Obama highlights plans for high-speed rail in at least 10 regions

Saturday, April 18, 2009

From the New York Times. Here's my preferred one:

Primarily because it's a route that would easily link up with Canada (Vancouver) and hopefully spur high-speed rail there, and also because there seems to be a lot of political will in Oregon to be a pioneer in environmental technology, and this would be a nice touch as well. The total route would be about 600 km from Vancouver to Eugene, and would serve at least 10 million people, perhaps more when neighboring communities within an hour or so by car are factored in.

But then again each other route also has its own importance and I don't want to pretend I've compared the costs and benefits of each.

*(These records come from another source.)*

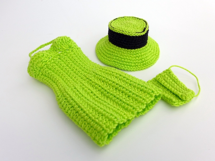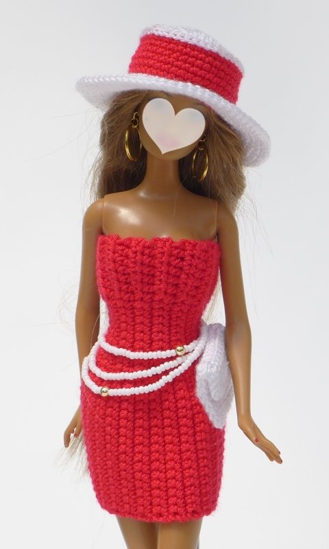mit nur 30 g "Catania Fine" von Schachenmayr und einer Häkelnadel der Stärke 2,5 häkelt Ihr an einem Abend dieses schöne figurbetonte Kleid, einen passenden eleganten Hut und eine Clutch. Das Kleid hat einen Neckholderverschluss und wird auf dem Rücken mit einem feinen Gummiband (Hutgummi) geschnürt. Die Büste und die Taille sind schön ausgearbeitet, so dass die Figur der Puppe gut zur Geltung kommt. Die Sachen passen kleinen Anziehpuppen, die ca. 28 bis 30 cm groß sind.
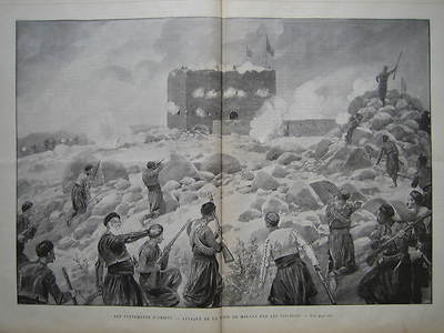 OLD PRINT 1897 LA CANEE GREECE GRECE TURKEY TURQUIE WAR CRETE MALAXA TOWER
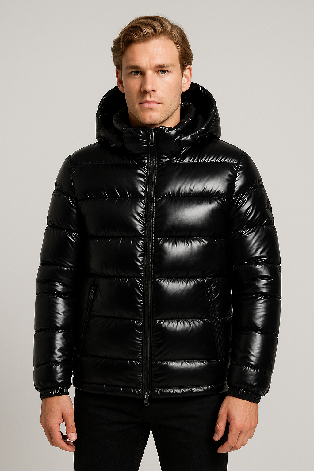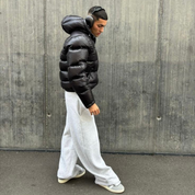 The Shiny Puffer Jacket combines ultimate warmth with contemporary style. Its sleek, glossy black exterior offers a modern twist on the classic puffer design, making it an ideal choice for both cold weather and urban environments. This jacket features a cozy hood, a zippered front, and convenient side pockets, ensuring comfort and practicality while keeping you fashionable.
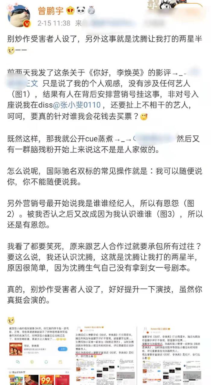 随后呢,与张小斐有过不愉快过往的孙茜经纪人曾鹏宇,连着几天不闲着公开diss张小斐,并给《你好,李焕英》打低分。
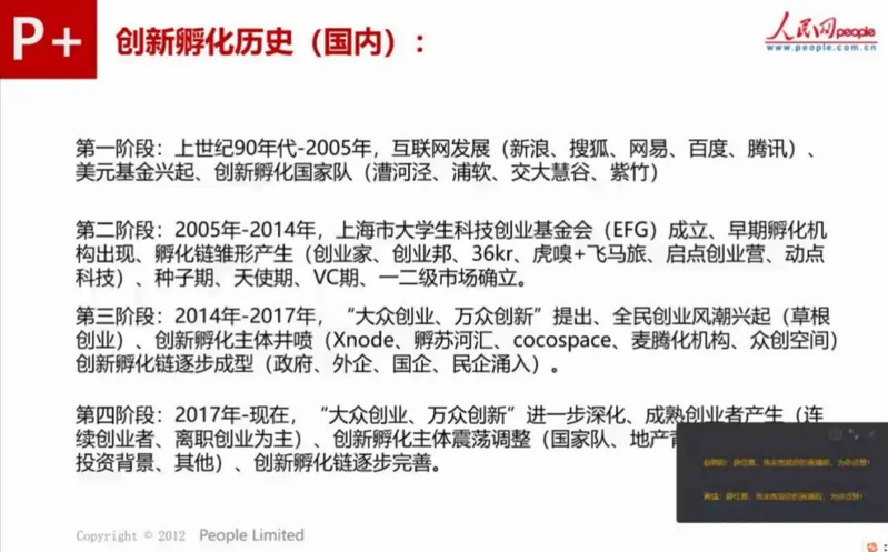首先老師介紹了國內創新孵化的歷史,我國的創新孵化歷史從上世紀90年代開始至今經過了四個階段:第一階段在上世紀90年代至2005年,隨著互聯網的發展以及美元基金的興起,出現了創業孵化國家隊,如漕河涇、浦軟等。第二階段處于2005年至2014年,,此時早起孵化機構出現,孵化鏈雛形產生。第三階段處于2014年至2017年,全民創業風潮興起,創新孵化鏈逐步成型。第四階段為2017年到現在,此階段產生了成熟的創業者,創新孵化鏈逐步完善。

Also notice that VP Joe Biden is there at the press conference too; he's been an advocate of rail since the dawn of history.

So what sort of timeline are we looking at? Apparently the money will begin to be handed out by the end of the summer. The problem is with how little money there is - $8 billion to start, and $1 billion a year after that. A route proposed in Canada from Calgary to Edmonton for example is expected to cost $3 billion to $12 billion. That's only $2.5 billion to $10 billion in USD (right now anyway) so not sure how far the $8 billion could stretch here as that would only be $800 million per project if it was really going out to all ten (or more).

Since this isn't my specialty perhaps I'll end this with a question for those in the know: just how much of a jumpstart is $8 billion plus $1 billion a year, and should it be focused on a single or small number of routes or is spreading it around to each one of ten really effective?

1 comments:

Anonymous said...

Let them adopt the TGV! It works great!